#### [Action item]
Starting at the top line, print the entries below exactly as they are and skip every picture.

#### [Task material]

########

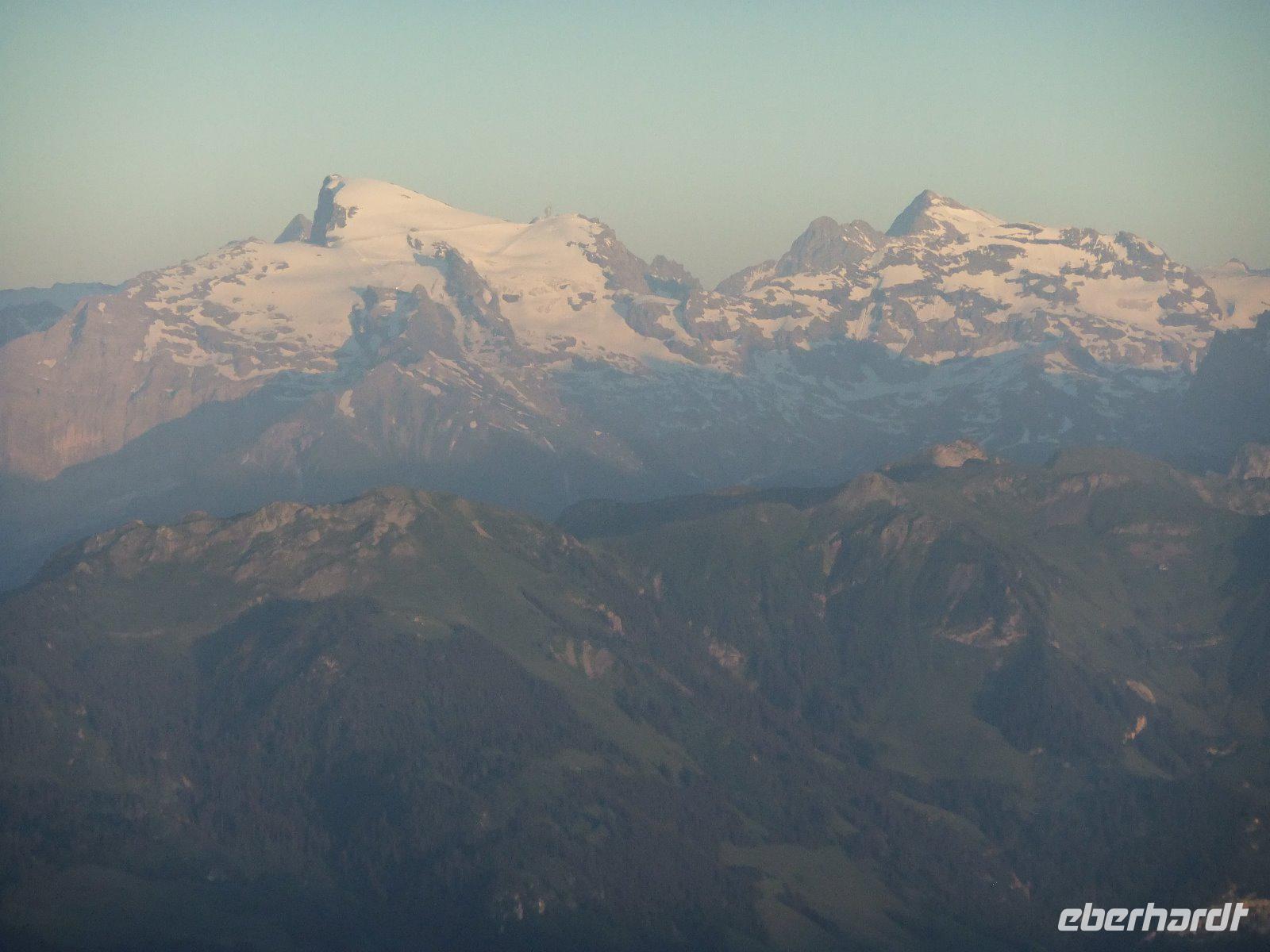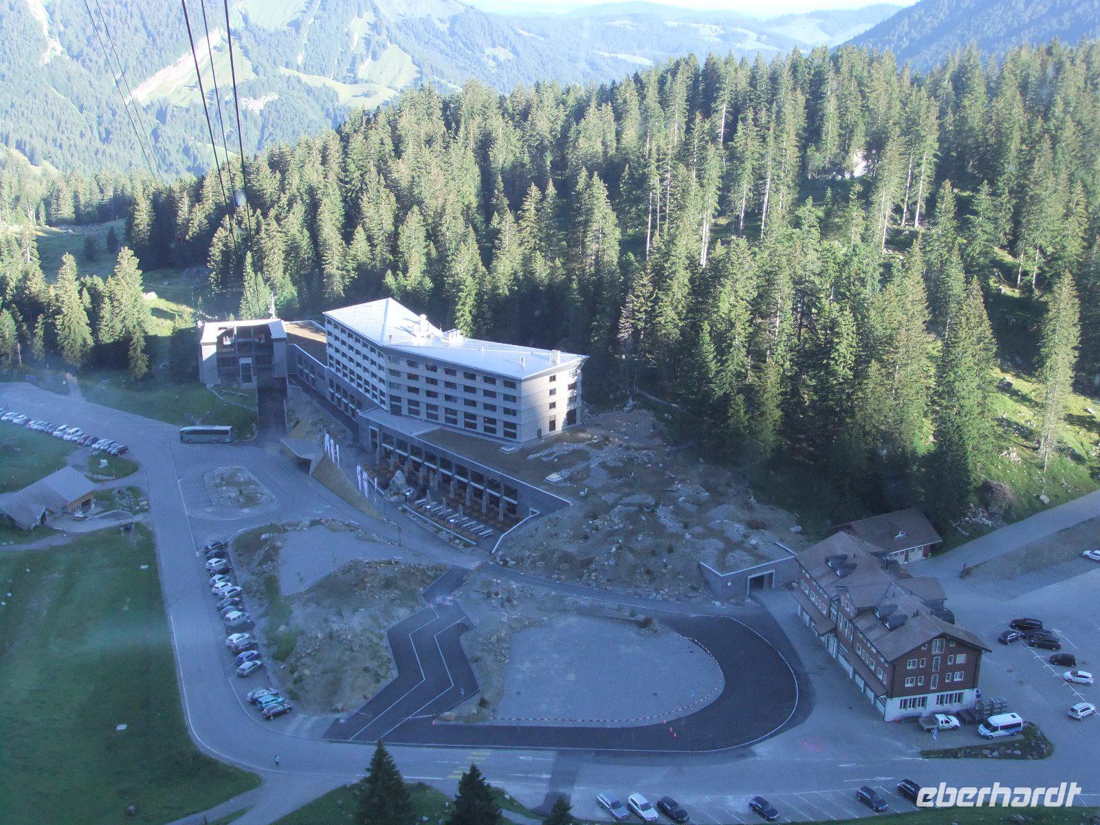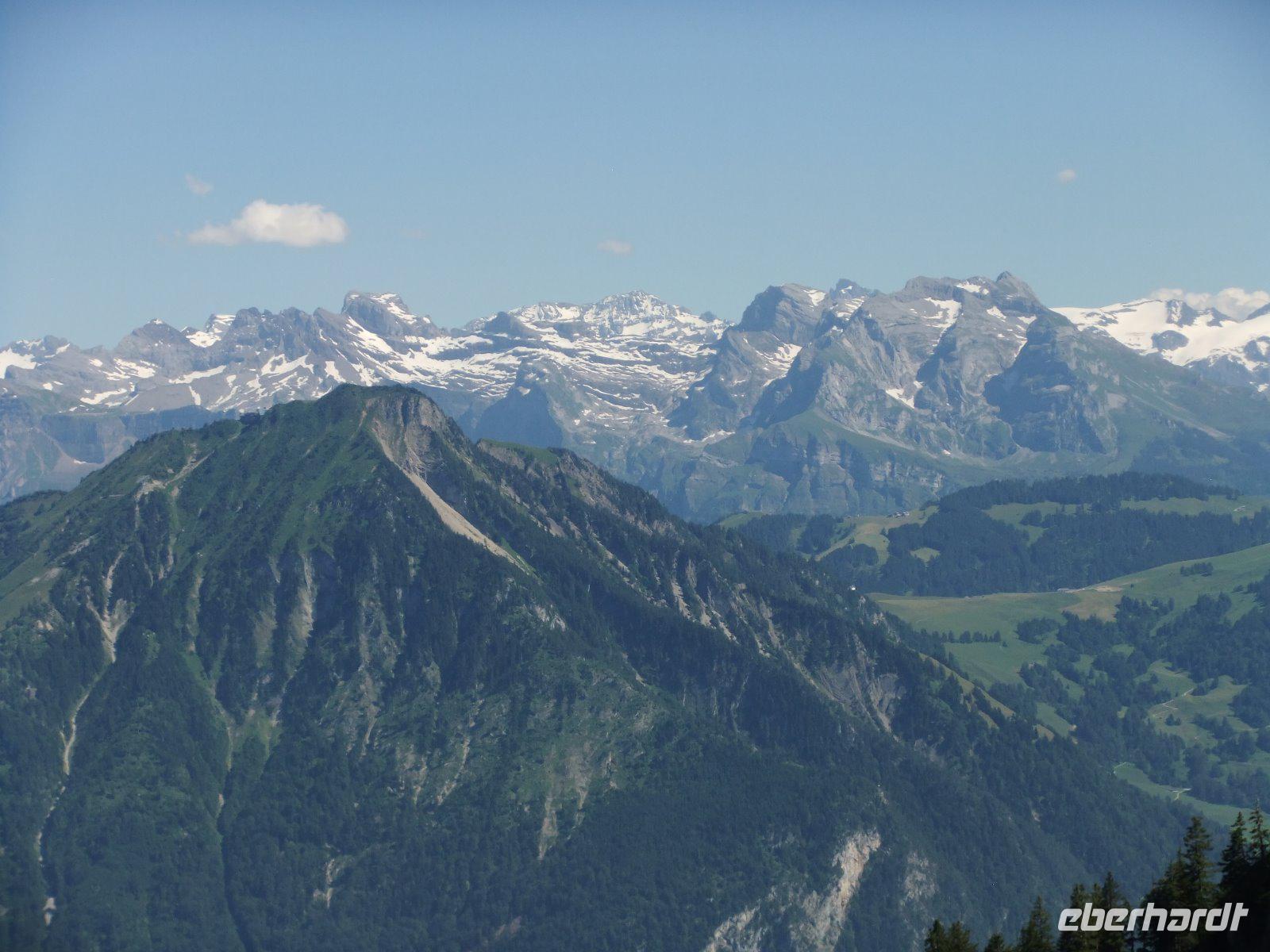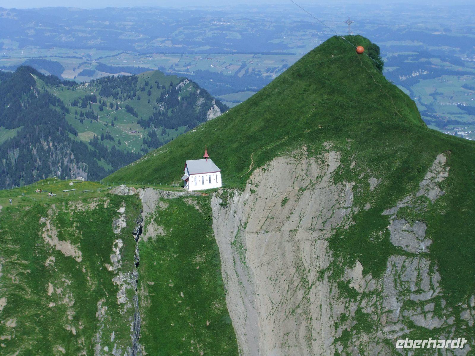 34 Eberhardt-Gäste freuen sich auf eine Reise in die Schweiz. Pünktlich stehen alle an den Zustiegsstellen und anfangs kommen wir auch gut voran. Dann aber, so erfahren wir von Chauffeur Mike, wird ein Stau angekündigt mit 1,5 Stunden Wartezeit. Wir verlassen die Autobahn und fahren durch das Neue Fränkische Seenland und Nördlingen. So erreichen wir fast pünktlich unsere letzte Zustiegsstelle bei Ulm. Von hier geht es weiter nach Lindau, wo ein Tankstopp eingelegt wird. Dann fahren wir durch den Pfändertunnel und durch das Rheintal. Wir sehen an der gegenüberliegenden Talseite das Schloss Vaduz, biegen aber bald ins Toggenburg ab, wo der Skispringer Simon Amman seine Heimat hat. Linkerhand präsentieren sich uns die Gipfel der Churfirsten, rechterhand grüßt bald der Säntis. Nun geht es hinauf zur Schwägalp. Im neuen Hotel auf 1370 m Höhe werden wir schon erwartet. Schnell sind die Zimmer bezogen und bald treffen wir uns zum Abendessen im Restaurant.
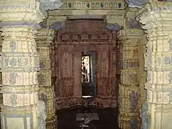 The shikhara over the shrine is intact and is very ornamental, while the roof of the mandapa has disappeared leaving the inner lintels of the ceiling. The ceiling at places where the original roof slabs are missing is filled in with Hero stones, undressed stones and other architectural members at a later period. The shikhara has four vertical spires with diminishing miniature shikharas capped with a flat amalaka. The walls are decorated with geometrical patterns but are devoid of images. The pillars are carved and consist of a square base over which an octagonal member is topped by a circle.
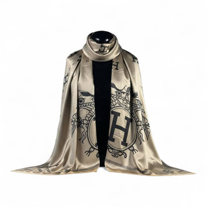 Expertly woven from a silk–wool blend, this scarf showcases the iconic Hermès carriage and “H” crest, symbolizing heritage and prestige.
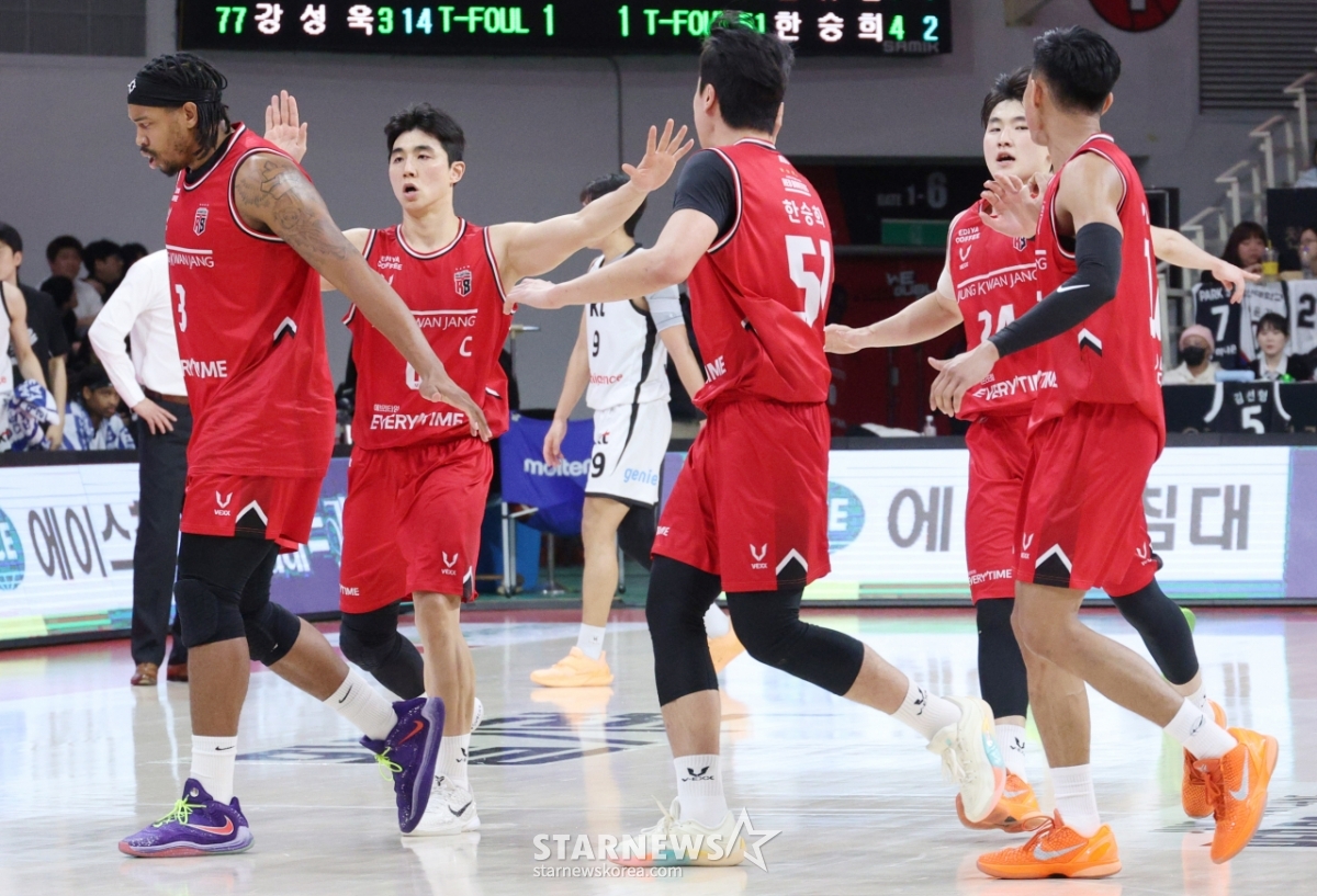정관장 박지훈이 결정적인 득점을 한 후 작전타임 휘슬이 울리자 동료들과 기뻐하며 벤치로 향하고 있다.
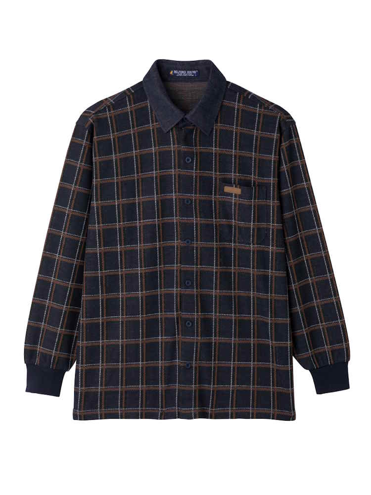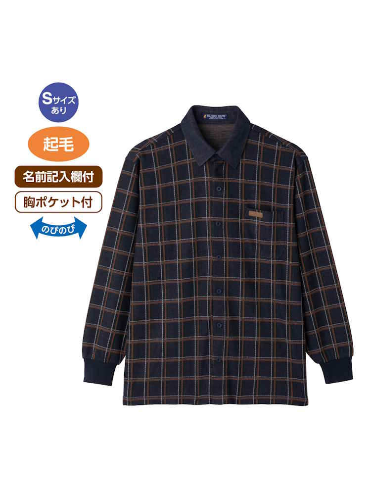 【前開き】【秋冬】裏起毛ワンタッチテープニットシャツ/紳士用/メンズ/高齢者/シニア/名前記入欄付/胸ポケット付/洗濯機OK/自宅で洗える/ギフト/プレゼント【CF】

########

#### [Task solution]
 34 Eberhardt-Gäste freuen sich auf eine Reise in die Schweiz. Pünktlich stehen alle an den Zustiegsstellen und anfangs kommen wir auch gut voran. Dann aber, so erfahren wir von Chauffeur Mike, wird ein Stau angekündigt mit 1,5 Stunden Wartezeit. Wir verlassen die Autobahn und fahren durch das Neue Fränkische Seenland und Nördlingen. So erreichen wir fast pünktlich unsere letzte Zustiegsstelle bei Ulm. Von hier geht es weiter nach Lindau, wo ein Tankstopp eingelegt wird. Dann fahren wir durch den Pfändertunnel und durch das Rheintal. Wir sehen an der gegenüberliegenden Talseite das Schloss Vaduz, biegen aber bald ins Toggenburg ab, wo der Skispringer Simon Amman seine Heimat hat. Linkerhand präsentieren sich uns die Gipfel der Churfirsten, rechterhand grüßt bald der Säntis. Nun geht es hinauf zur Schwägalp. Im neuen Hotel auf 1370 m Höhe werden wir schon erwartet. Schnell sind die Zimmer bezogen und bald treffen wir uns zum Abendessen im Restaurant.
 The shikhara over the shrine is intact and is very ornamental, while the roof of the mandapa has disappeared leaving the inner lintels of the ceiling. The ceiling at places where the original roof slabs are missing is filled in with Hero stones, undressed stones and other architectural members at a later period. The shikhara has four vertical spires with diminishing miniature shikharas capped with a flat amalaka. The walls are decorated with geometrical patterns but are devoid of images. The pillars are carved and consist of a square base over which an octagonal member is topped by a circle.
 Expertly woven from a silk–wool blend, this scarf showcases the iconic Hermès carriage and “H” crest, symbolizing heritage and prestige.
정관장 박지훈이 결정적인 득점을 한 후 작전타임 휘슬이 울리자 동료들과 기뻐하며 벤치로 향하고 있다.
 【前開き】【秋冬】裏起毛ワンタッチテープニットシャツ/紳士用/メンズ/高齢者/シニア/名前記入欄付/胸ポケット付/洗濯機OK/自宅で洗える/ギフト/プレゼント【CF】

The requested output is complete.